- [Exercise data]:
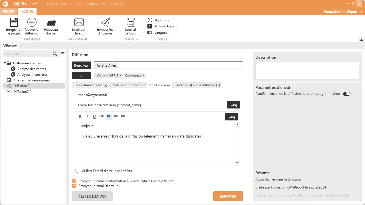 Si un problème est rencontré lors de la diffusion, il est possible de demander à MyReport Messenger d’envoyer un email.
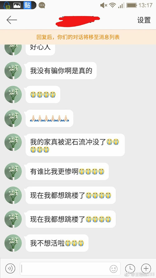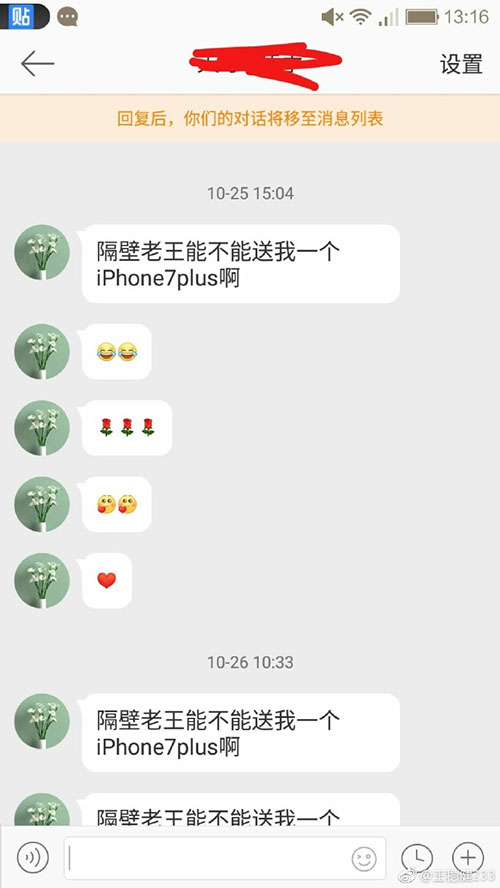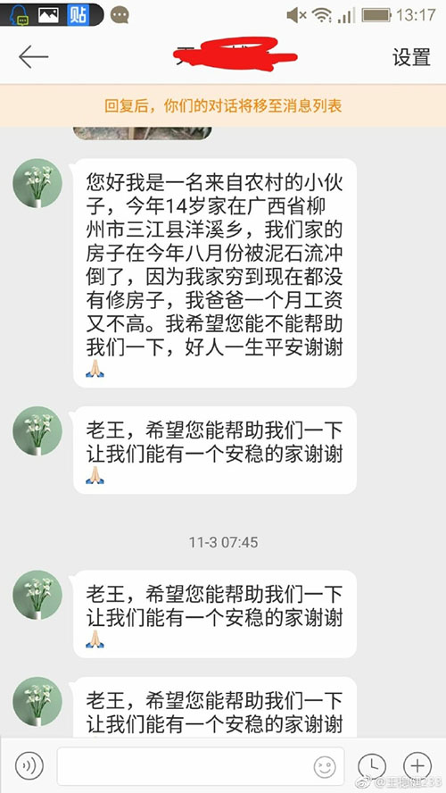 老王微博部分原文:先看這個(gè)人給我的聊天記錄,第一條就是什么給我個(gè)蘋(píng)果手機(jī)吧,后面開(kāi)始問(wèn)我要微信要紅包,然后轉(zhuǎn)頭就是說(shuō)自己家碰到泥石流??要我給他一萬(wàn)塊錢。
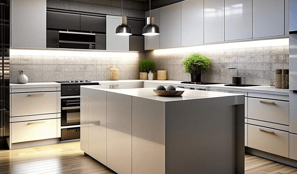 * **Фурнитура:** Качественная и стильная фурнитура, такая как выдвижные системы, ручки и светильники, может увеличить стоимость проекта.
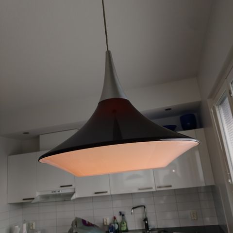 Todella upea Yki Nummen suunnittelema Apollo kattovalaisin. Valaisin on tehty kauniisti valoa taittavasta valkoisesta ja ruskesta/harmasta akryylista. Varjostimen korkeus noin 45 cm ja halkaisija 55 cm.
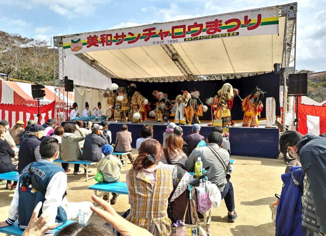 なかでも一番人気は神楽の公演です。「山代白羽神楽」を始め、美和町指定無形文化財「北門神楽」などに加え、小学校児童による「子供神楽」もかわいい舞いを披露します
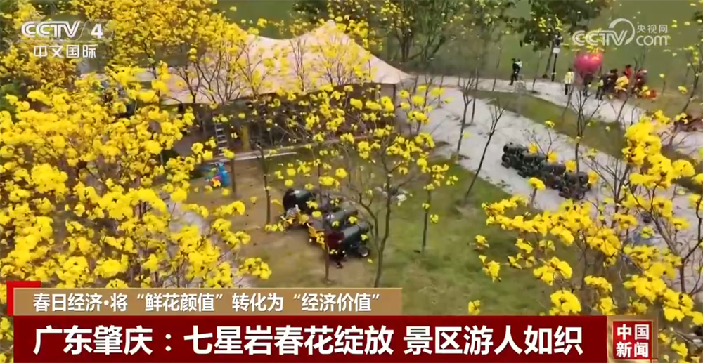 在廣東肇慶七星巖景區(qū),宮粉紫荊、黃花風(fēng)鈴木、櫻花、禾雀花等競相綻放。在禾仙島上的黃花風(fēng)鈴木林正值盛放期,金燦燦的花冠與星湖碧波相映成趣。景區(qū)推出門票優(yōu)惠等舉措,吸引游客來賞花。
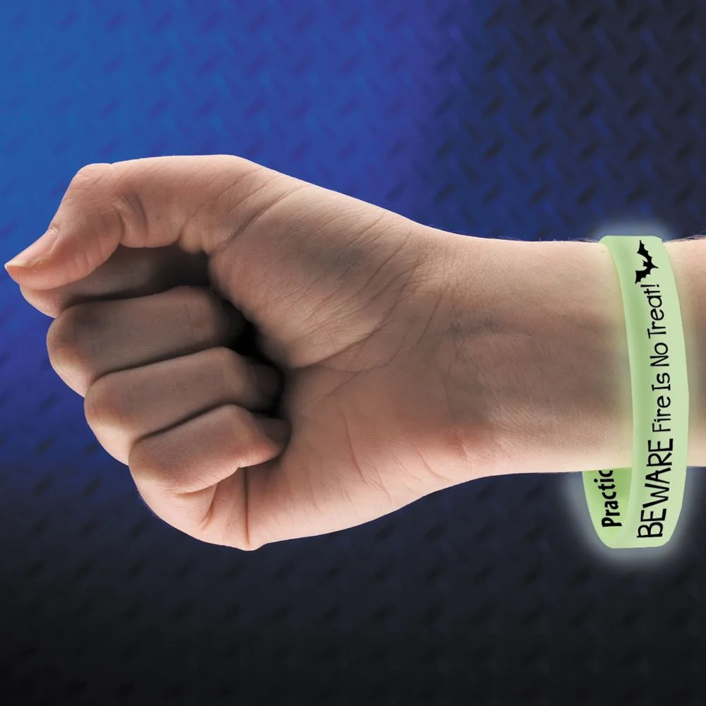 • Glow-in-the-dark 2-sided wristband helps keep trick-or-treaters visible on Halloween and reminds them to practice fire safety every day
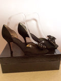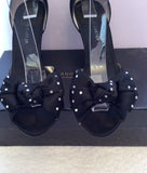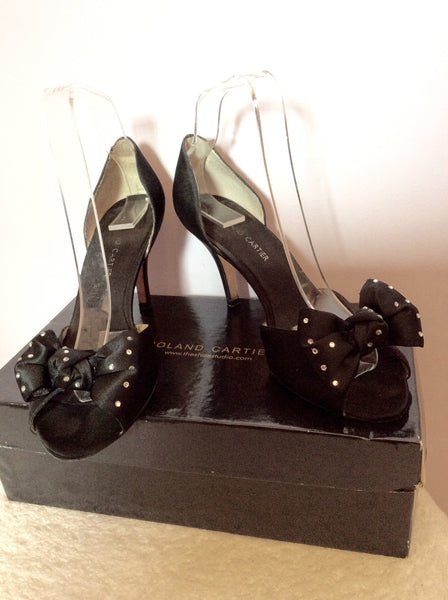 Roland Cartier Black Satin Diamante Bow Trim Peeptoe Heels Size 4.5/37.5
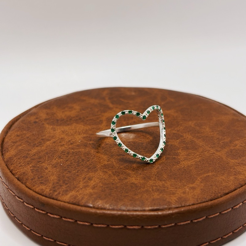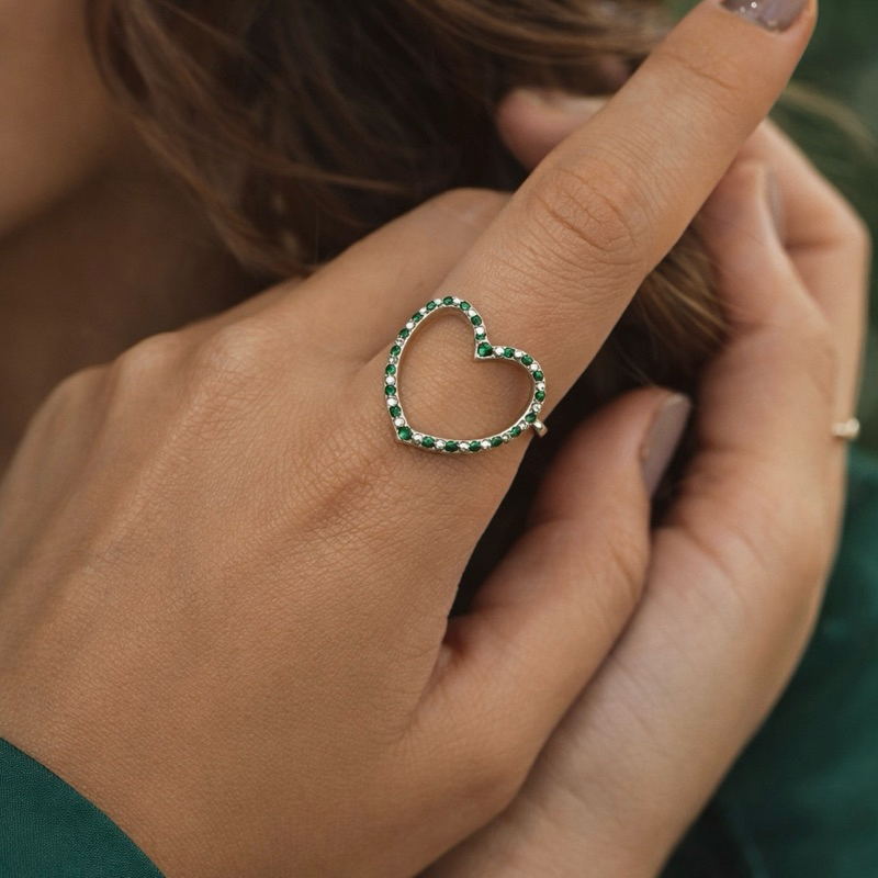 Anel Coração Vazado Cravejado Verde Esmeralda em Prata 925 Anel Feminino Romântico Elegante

- [Work item]: Nothing but the lines from the line containing "なかでも一番人気は神楽の公演" to the end of the records above should be repeated, exactly and with every picture omitted.

- [Response area]:
 なかでも一番人気は神楽の公演です。「山代白羽神楽」を始め、美和町指定無形文化財「北門神楽」などに加え、小学校児童による「子供神楽」もかわいい舞いを披露します
 在廣東肇慶七星巖景區(qū),宮粉紫荊、黃花風(fēng)鈴木、櫻花、禾雀花等競相綻放。在禾仙島上的黃花風(fēng)鈴木林正值盛放期,金燦燦的花冠與星湖碧波相映成趣。景區(qū)推出門票優(yōu)惠等舉措,吸引游客來賞花。
 • Glow-in-the-dark 2-sided wristband helps keep trick-or-treaters visible on Halloween and reminds them to practice fire safety every day
 Roland Cartier Black Satin Diamante Bow Trim Peeptoe Heels Size 4.5/37.5
 Anel Coração Vazado Cravejado Verde Esmeralda em Prata 925 Anel Feminino Romântico Elegante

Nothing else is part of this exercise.